Ultimately, the integration of AI in breast cancer care relies on trying to balance its use with keeping patient safety as the main aim. This means the aims of AI applications need to align with human judgement and clinical ethics.
2. Data Privacy
In recent years, there has been an increase in the usage of AI and digital technologies for breast cancer research, screening and treatment (Singh et al., 2024). Although there are multiple advantages, one of the crucial ethical issues that remains is data privacy protection. Mammography screening models’ databases consist of genetic sequences, private health information and sensitive medical images. Bad data handling can lead to data abuse, privacy issues and a decline in patient trust. To mitigate the problem, a whole gamut of factors must be considered, including the assessment of informed consent and ownership, implementation of strong breach defences, solving the difficulties of anonymisation and advancement of privacy-enhancing technology.
2.1 Informed Consent, Ownership and Data Governance
Standard consent forms in clinical environments may allow patient data to be used broadly, vaguely and without any specific definition, including for the use of future AI training. If consequences are not explained in the right way, the autonomy of the patient could be jeopardised (Carter et al., 2020). When there is a lack of transparency, consent becomes a mere formality rather than truly informed consent. Besides, patient data such as genomics or images may be used without the knowledge or awareness of the patient for the purpose of generating profits; hence, there are questions regarding data ownership rights and the division of profits (Milne et al., 2021).
The first step in creating good control over this matter is informing and gathering the consent of the subjects. User-friendly mechanisms such as dynamic consent would be particularly helpful, allowing individuals to adjust their choices at any given point. To ensure that data practices are in line with the expectations of patients, the trust of stakeholders is retained and ethical norms are upheld, ethical supervision by the institution review board, transparent polices and regulated data-sharing agreements should be implemented (Carter et al., 2020).
2.2 Data Security and the Risk of Breaches
The datasets that underlie AI-supported breast cancer care, such as imaging files, genomic markers and personal histories, are extremely sensitive and vulnerable to exploitation by cybercriminals (Shabani et al., 2018). The ethical and legal principle of non-maleficence includes protecting a patient’s privacy. The unintended consequences of breaches of health data can result in identity theft, unwitting disclosure of genetic predispositions and economic discrimination in insurance and employment. AI in healthcare is often associated with private technology companies, raising the stakes on issues concerning data custody and security disposition (Milne et al., 2021). This is why security protocols, access controls, second sources of authentication, encryption, auditability and regulatory scrutiny must be enforced (National Data Guardian, 2016).

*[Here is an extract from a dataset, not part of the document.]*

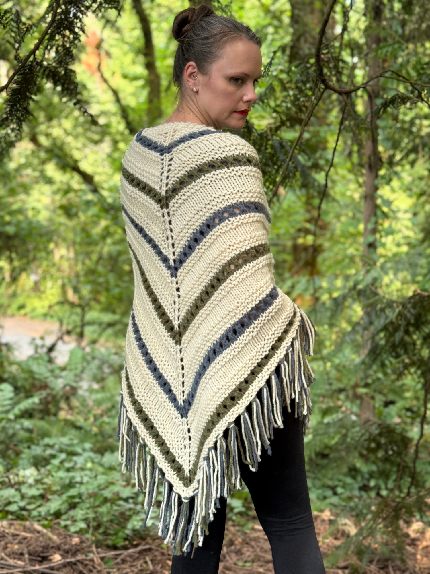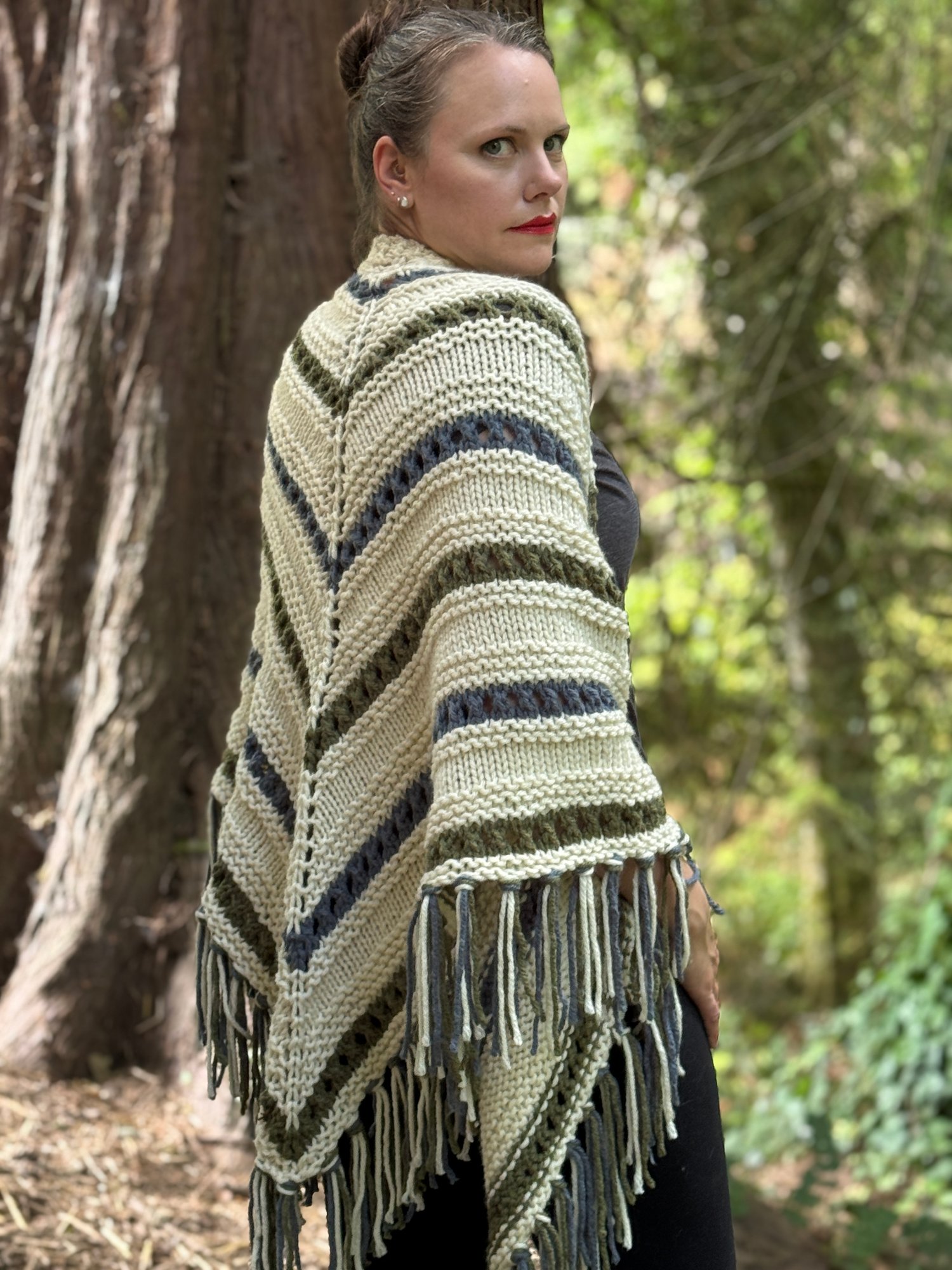 Inspired by this personal history, I created Etta’s Shawl. This oversized triangle shawl is designed for instant gratification, knitting up quickly with an easy-to-memorize repeat that

2.3 Anonymisation, Re-identification and Privacy-Enhancing Technologies
Advancements in AI have reduced the effectiveness of anonymisation, which has been used to protect patient privacy for a long time. De-identified data can often be re-identified, especially when it comes to genomic or imaging datasets (Gymrek et al., 2013; Cohen et al., 2018). For example, mammographic images can often be re-identified with unique anatomical features that a typical de-identification process would miss, which provides a false sense of privacy protection. Privacy-enhancing technologies are now being seen as important tools to address privacy risks in breast cancer AI research. Federated learning enables data and subsequent models to remain decentralised and protected, as training can occur locally with sensitive institutional data, rather than a central pool of shared data that could become a security risk (Yang et al., 2019).

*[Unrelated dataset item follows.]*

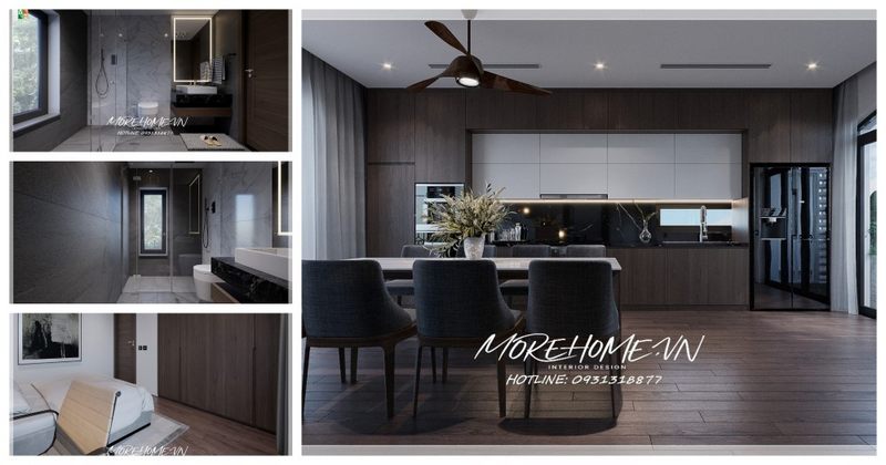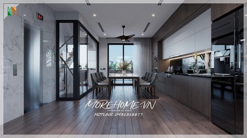 Phòng ăn liền bếp giúp cho diện tích thông thoáng thuận tiện cho sinh hoạt đem lại sự hiện đại cho căn nhà

While maintaining statistical validity, differential privacy does add attention to the datasets with a goal of preventing individual re-identification (Dwork & Roth, 2014). More reliable methods, including secure multi-party computation and homomorphic encryption, allow data to be computed while it is encrypted or in the possession of several people, guaranteeing that private information is hidden even during analysis. Collectively, these methods ensure that the privacy of patients is better protected than traditional anonymisation approaches.
3. Responsibility
The integration of artificial intelligence into breast cancer diagnostics has sparked significant debate about responsibility and liability. Traditionally, radiologists, oncologists and surgeons carried the legal and ethical weight of decision-making; a human expert was responsible for every mammogram reading, biopsy and treatment plan. With AI systems now screening mammograms, triaging images and even suggesting treatment strategies, the lines of accountability are becoming blurred. Patients and clinicians are confronted with the challenge of deciding who takes responsibility when an AI tool makes an error, whether through misdiagnosis, poor image quality interpretation, biased training data that skews results or limitations in handling atypical cases. To address the issue, blurring medical responsibility, shared responsibility and patient trust and ethical responsibility is covered.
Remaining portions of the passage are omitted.